PENANAMAN NILAI-NILAI TOLERANSI PADA ANAK DALAM KONTEKS KEBERAGAMAN

Indonesia adalah Negara yang sangat kaya akan keragaman, dari mulai suku, budaya, bahasa hingga agama. Keragaman yang dimiliki oleh Negara Indonesia kemudian dibungkus dalam konsep Bhineka Tunggal Ika yakni berbeda-beda tetapi tetap satu jua. Konsep ini telah menyatuka beragam perbedaan di Negara Indonesia, meskipun pada faktanya seiring dengan sejarah kemerdekaan Indonesia masih saja sering terjadi konflik yang berbasis pada SARA.
Anak-anak Indonesia sejak kecil di sekolah sudah diajarkan tentang konsep keragaman tentang Indonesia, dimulai dari pelajaran tentang kewarganegaraan hingga karnaval Agustusan. Tetapi pada kenyataannya dua tahun ini Indonesia tengah diuji dengan berbagai konflik yang salah satunya dan berdampak paling luas adalah isu tentang agama. Kondisi ini diperparah dengan banyaknya ujaran kebencian (hoaks) yang beredar di berbagai media social. Lalu bagaimana dengan anak-anak? Anak-anak belajar dari lingkungannya, mereka akan menyerap dan meniru apa yang ada di lingkungannya.
Pada tanggal bulan November – Desember 2017, bidang gender dan anak lembaga penelitian dan pengabdian Masyarakat (LPPM) IAIDA membuat rangkaian sosialisasi tentang “inclusive parenting” kepada ibu-ibu anggota pengurus anak cabang Fatayat Tegalsari dan ibu-ibu guru Taman Pendidikan Al Qur’an Darussalam. Sosialisasi ini bertujuan  untuk memberikan informasi terkait toleransi, mengenalkan konsep pola pengasuhan inklusif (inclusive parenting), dan membangun hubungan yang baik dalam konteks keberagaman. Harapannya melalui sosialisasi ini, peserta akan mempunyai gambaran tentang pola pengasuhan dan pengajaran dalam konteks keragaman.

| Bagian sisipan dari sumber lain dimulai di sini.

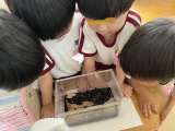 園庭でダンゴムシ探しに夢中な桃組さん。 「ダンゴムシさんどこに行くのかな?」と、...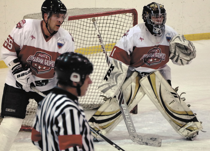 Третий период начался с ураганных атак «правобережцев». Видимо, бело-красные берегли свои силы. Хотя и не казалось, что хоккеисты «Правого берега» отдавали все силы без остатка. Играли спокойно, без суеты и нервотрёпки. Лишь изредка Юрий Пронькин (№ 4) делал негромкие замечания партнёрам. Счёт сравнял Максим Костяев (№ 23) на восьмой минуте. А спустя две минуты под радостные крики болельщиков Алексей Ватулин (№ 55) забросил победную шайбу.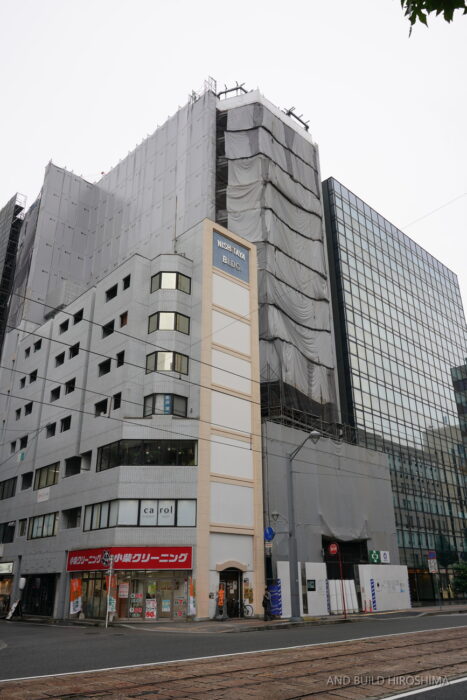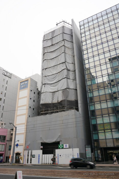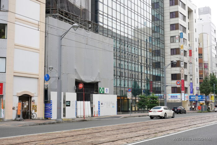 交差点から北に伸びる白島通り沿い、広島日生みどりビルに隣接した敷地に建設中です。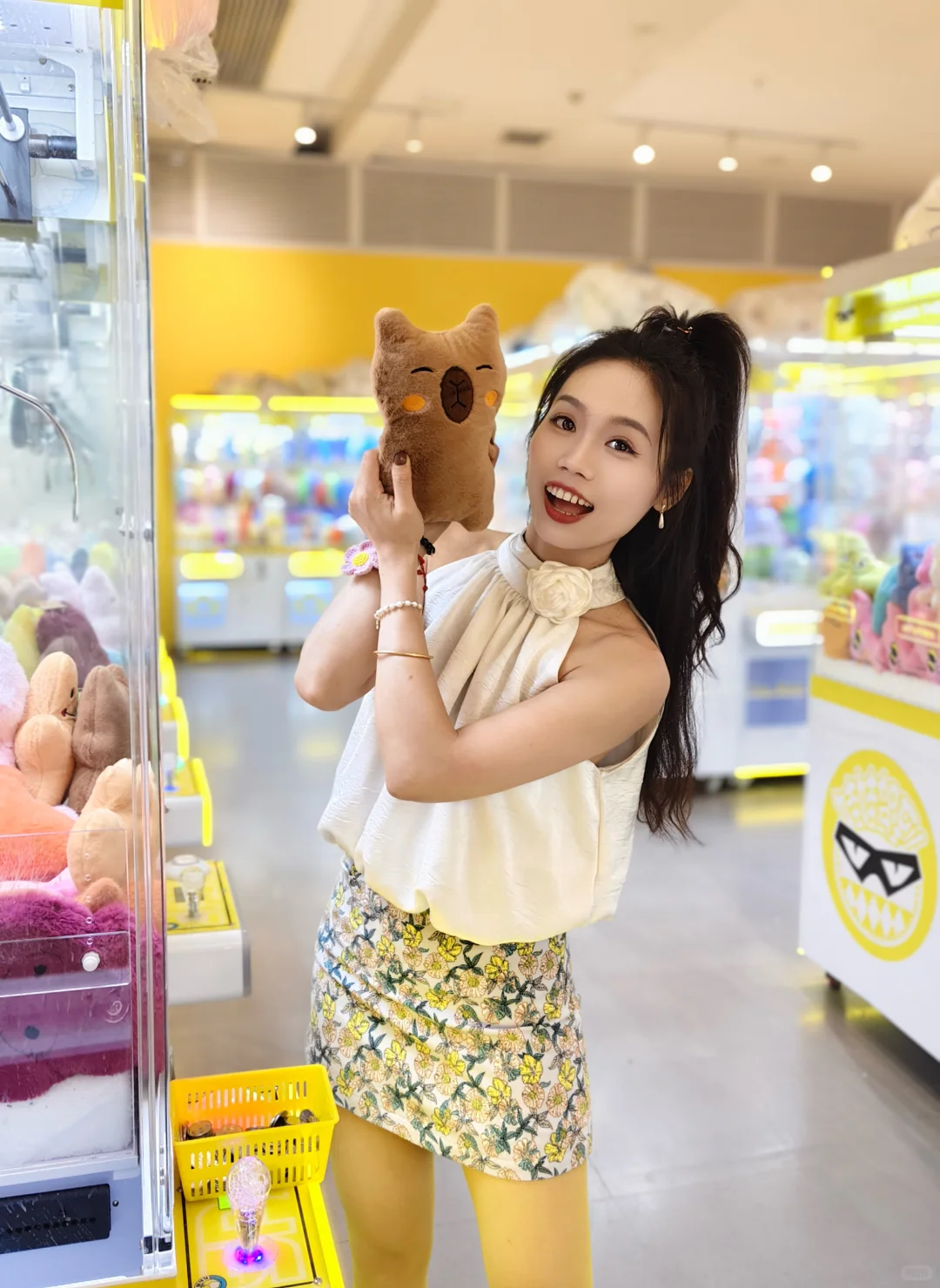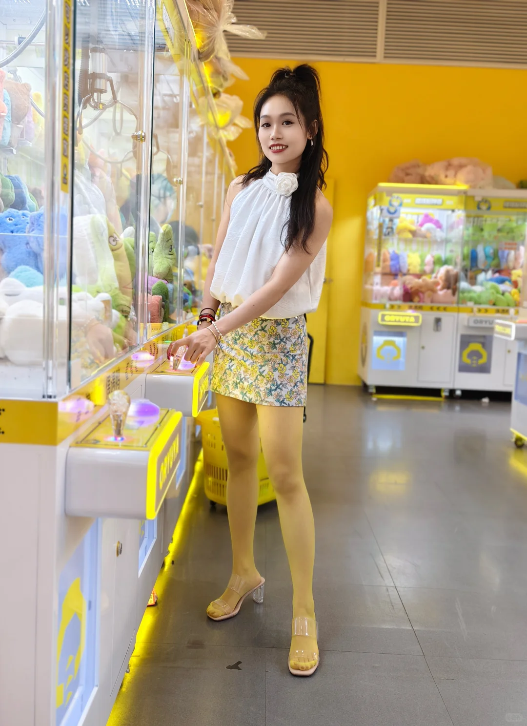 抓娃娃穿搭:黄色丝袜➕包臀裙➕透明凉高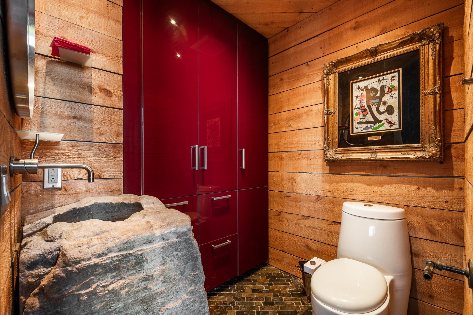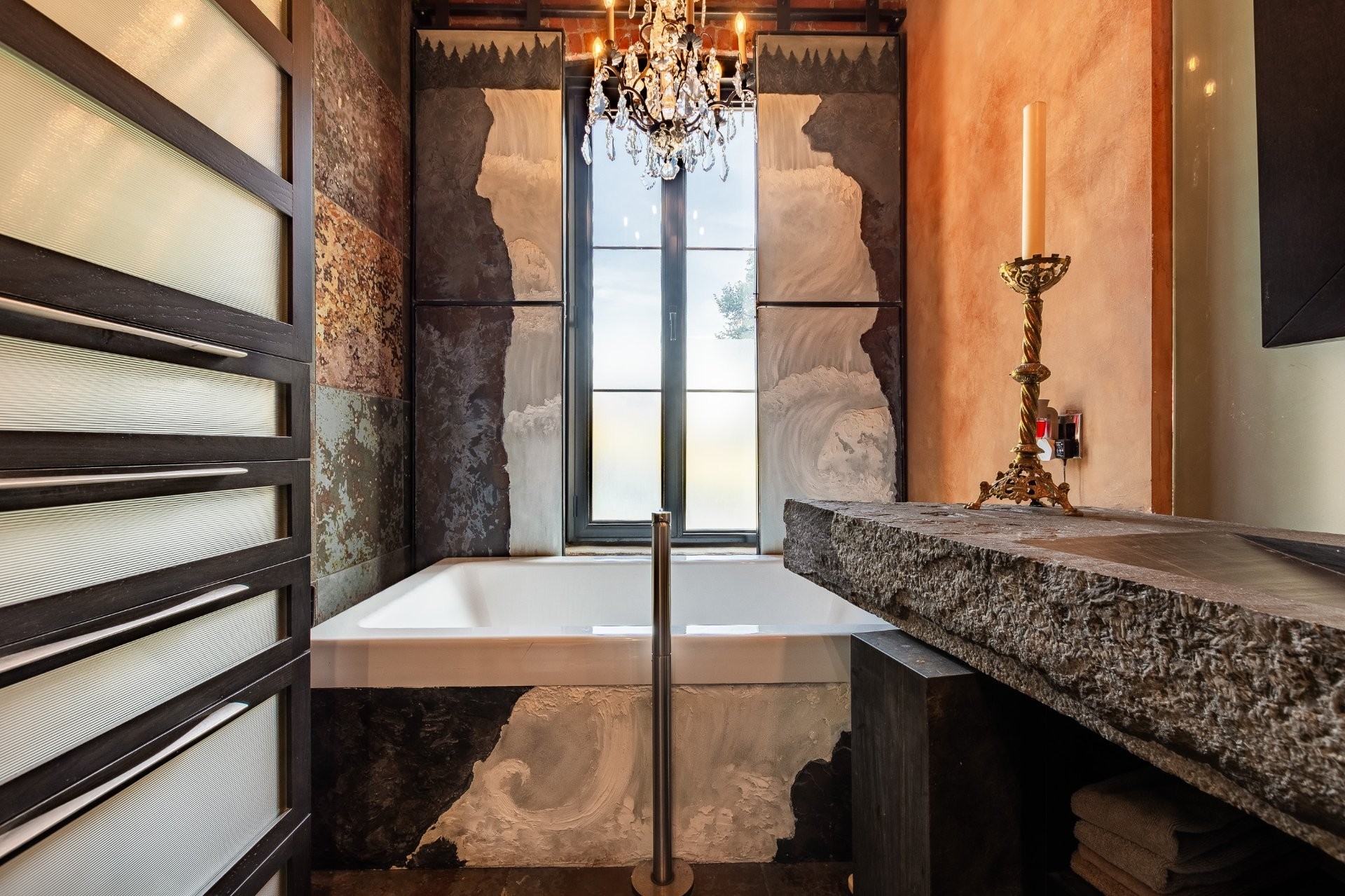 La cuisine est une oeuvre d'art, avec ses plans de travail en pierre sculptée qui ajoutent une touche audacieuse et sculpturale à l'espace. Le même sens artistique se retrouve dans la salle d'eau et la salle de bains attenante, qui ressemble à un spa, où des lavabos en pierre sur mesure, un sol chauffant, une baignoire îlot, une douche à l'italienne et de nombreux rangements créent un véritable sanctuaire dans la chambre principale, spacieuse et ensoleillée.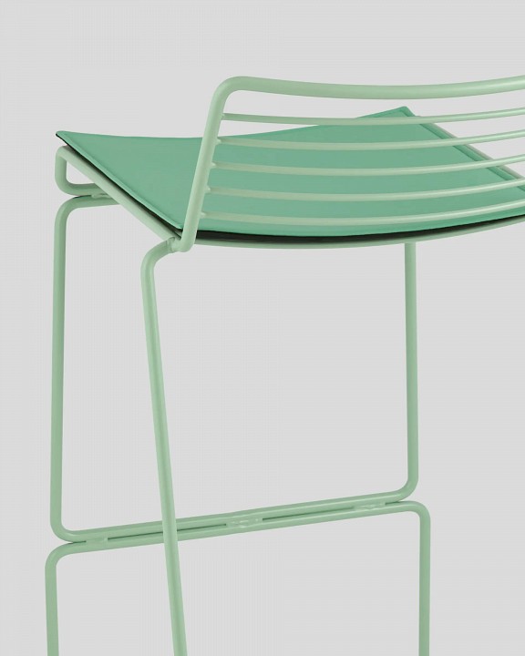 Современная модель барного стула подходит как для интерьера обеденной зоны дома, так и для кафе или ресторана. Спинка и сидение выполнены из металлических прутьев бордового цвета. Подушка изготовлена из экокожи в тон каркасу. Ножки выполнены из металла в тон сидения и имеют подставки, которые предотвращают скольжение по поверхности пола.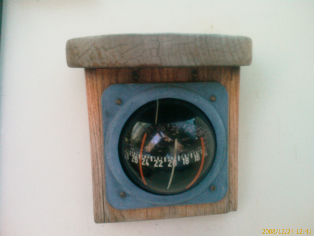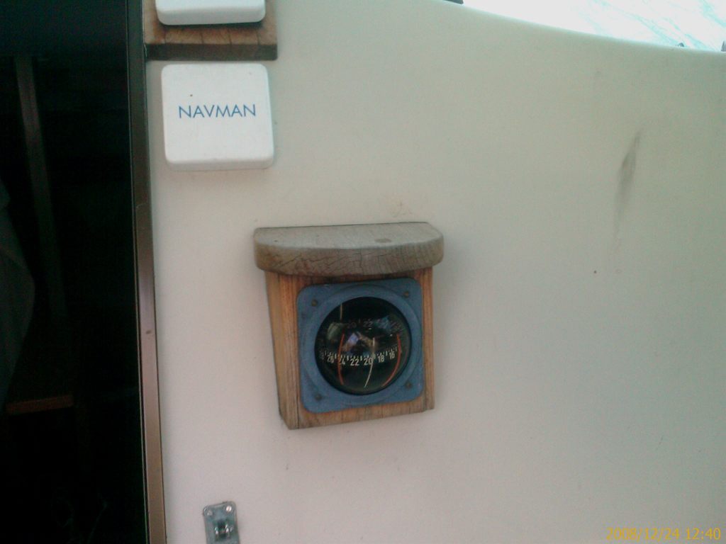 Da jeg købte min MAXI 77 var der allerede monteret kompas som du beskriver. Det er blot nogle teak plader der er savet til og tilpasset ”trin brædtet” som man bruger til at komme på dæk.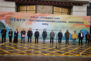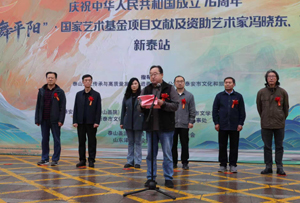 金秋送爽迎华诞,彩墨飘香舞平阳。为热烈庆祝中华人民共和国成立76周年,积极践行国家艺术基金繁荣艺术创作、打造和推广原创精品力作、培养美术艺术创作人才、推进国家艺术事业健康发展的宗旨,促进泰安市文化艺术交流和传播,展示基层文化事业发展成果,10月12日上午,“彩墨舞平阳”·国家艺术基金项目文献及资助艺术家冯晓东、高波美术精品巡展(新泰站)开幕仪式在新泰文化艺术城隆重举行。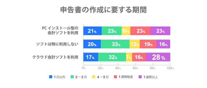 1週間以上要するとの回答が多かったのは、クラウド型会計ソフトを利用した場合で28%。逆にソフトを利用しない場合でも時間はそれほど要していませんでした。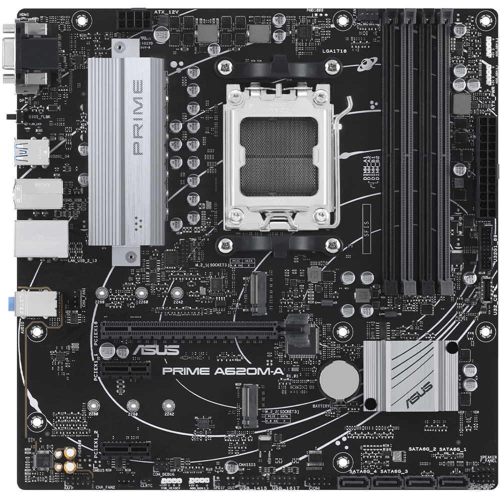 - ASUS PRIME series motherboards are expertly engineered to unleash the full potential of AMD Ryzen 7000-series processors. Boasting a robust power design, comprehensive cooling solutions and intelligent tuning options, PRIME A620M-A-CSM provides users and PC DIY builders with a range of performance optimizations via intuitive software and firmware features. This platform delivers the power and connectivity that advanced AI PC applications demand.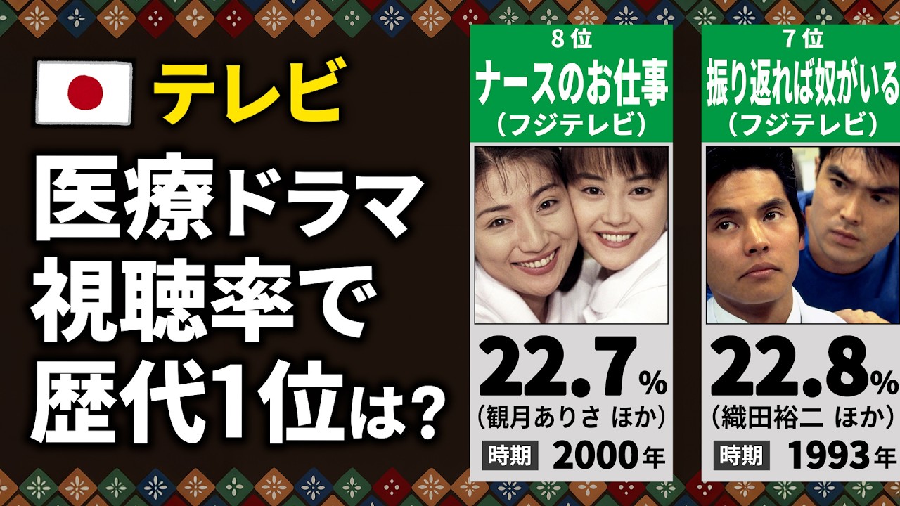 今回の動画は、テレビの医療ドラマの「最高視聴率」ランキングです!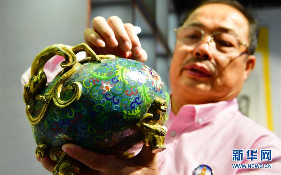 10月18日,林辉展示一件林氏铜铸胎掐丝珐琅工艺器皿。 新华社记者 魏培全 摄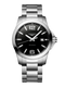 Date. Screw-in crown, Water-resistant to 30 bar, Scratch-resistant sapphire crystal with anti-reflective coating on the underside. Black lacquered polished dial, Swiss Super-LumiNova®. Stainless steel bracelet, With triple safety folding clasp and push-piece opening mechanism.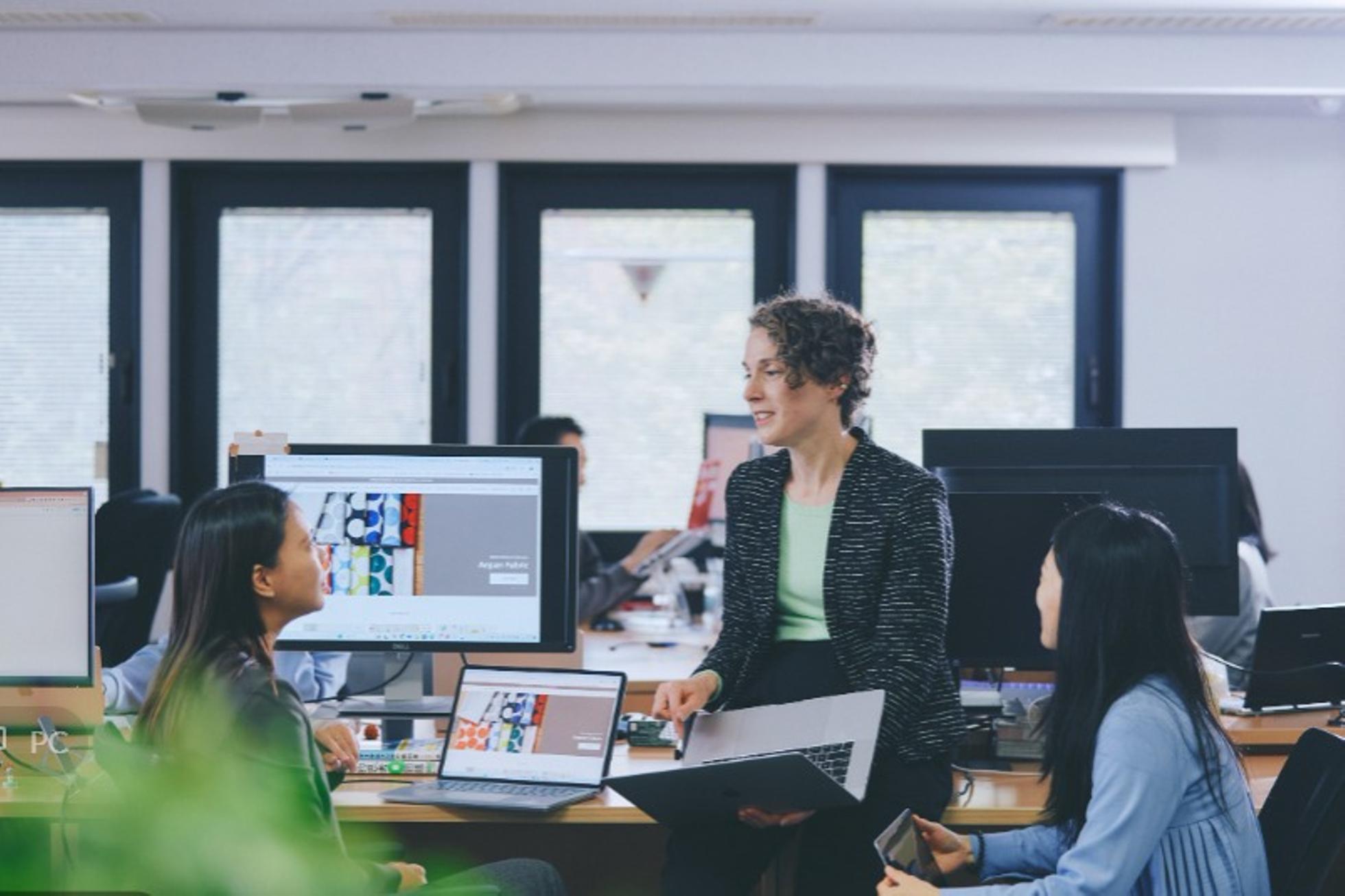 社内では日本語と英語が飛び交うような形でコミュニケーションをとっています。各々がインプットした情報を共有し合ったり、担当案件に関わらずアイデアや意見出しをして力を合わせます。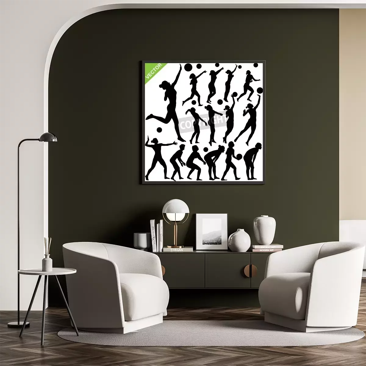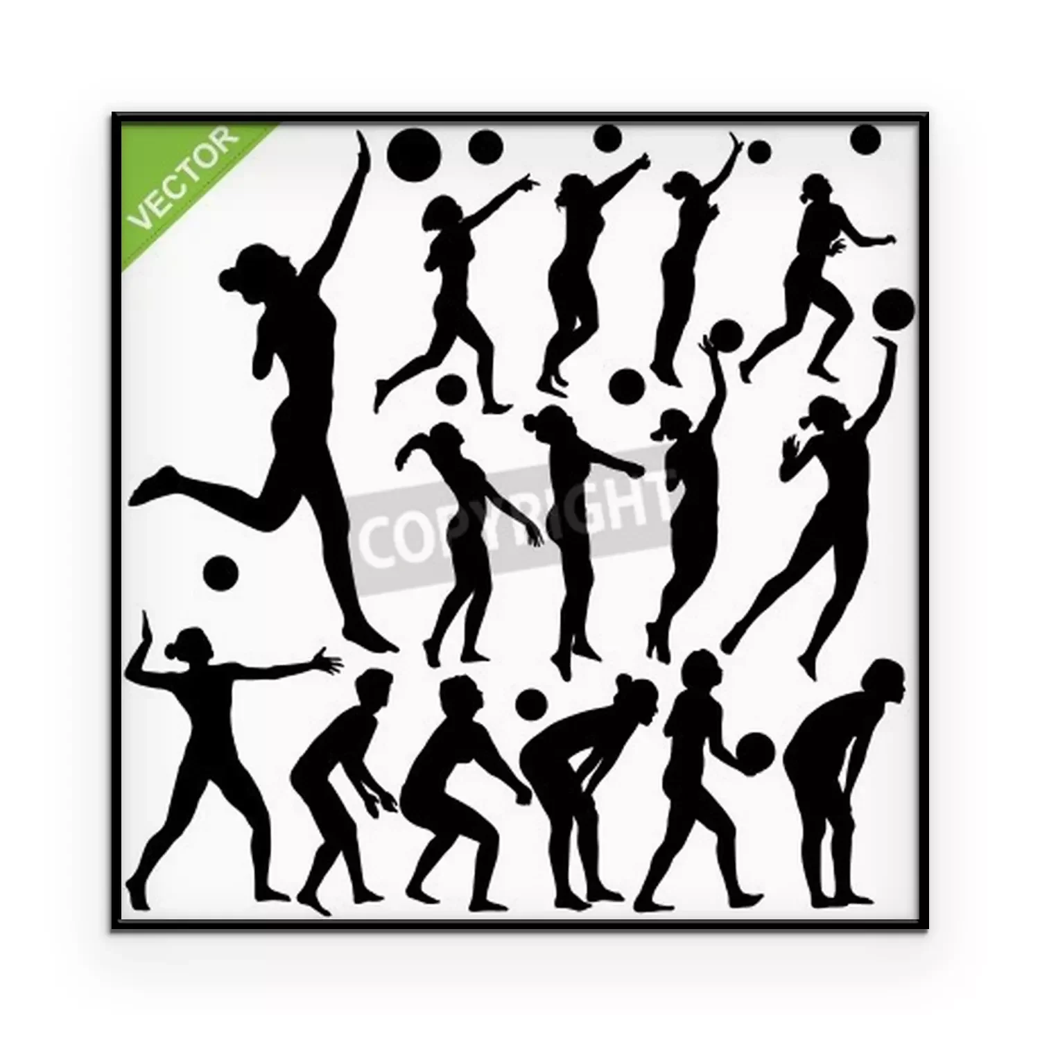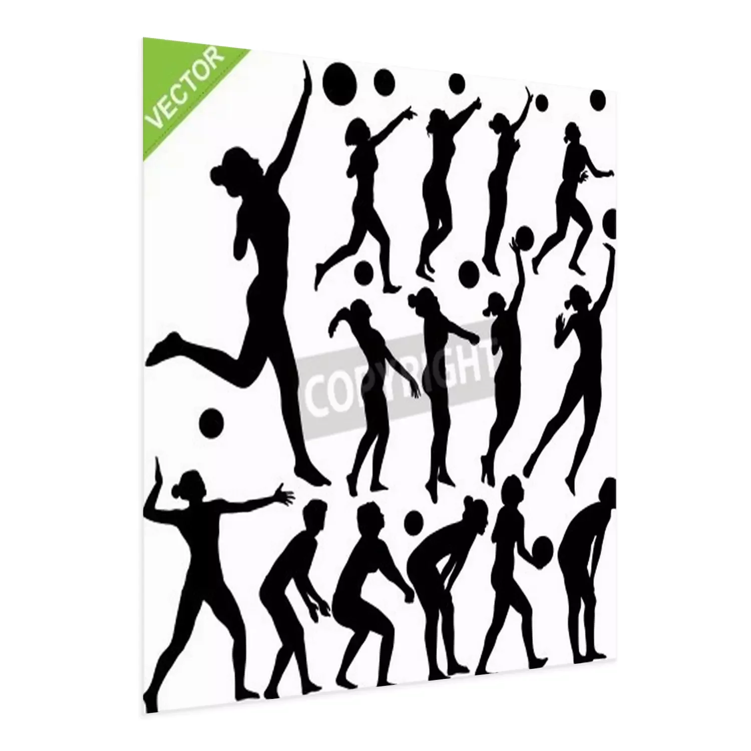 Poster Volleyball Frau in verschiedenen Volleyball-Posen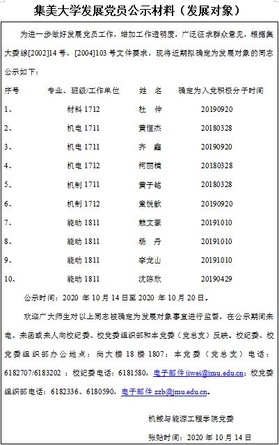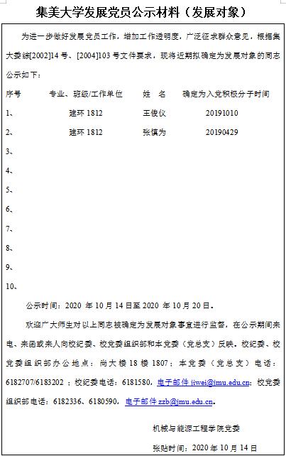 集美大学发展党员公示材料(发展对象)

Sosialisasi ini diawali dan diakhiri dengan pemberian kuesioner dengan pertanyaan yang sama untuk melihat pemahaman dengan peserta terkait dengan toleransi. Sesi selanjutnya adalah diskusi kelompok dengan tema keberagaman yang sering terjadi dilingkungan masyarakat sekitar, contohnya adalah tentang perbedaan warna kulit, perbedaan agama, dan perbedaan jenis kelamin. Setelah peserta diskusi, mereka diminta untuk mempresentasikan hasil diskusinya. Selanjutnya adalah inti dari sosialisasi yakni pemberian materi tentang penanaman nilai-nilai toleransi pada anak dalam konsep keberagaman.

Para peserta sangat antusias dengan materi yang disajikan hingga sesi tanya jawab melebar pada materi parenting secara umum, seperti bagaimana pola komunikasi yang baik dengan anak hingga bagaimana membuat anak bisa belajar dengan baik. Namun karena terbatasnya waktu, pemateri membatasi diskusi hanya pada seputar bagaimana toleransi diajarkan sedini mungkin dan diawali dari rumah. Semakin anak-anak terpapar dengan keberagaman sejak dini, semakin mudah anak-anak belajar toleransi, begitupun sebaliknya. Keberagaman bisa menjadi boomerang tersendiri bagi masyarakat jika lingkungan tidak bisa saling menghormati perbedaan.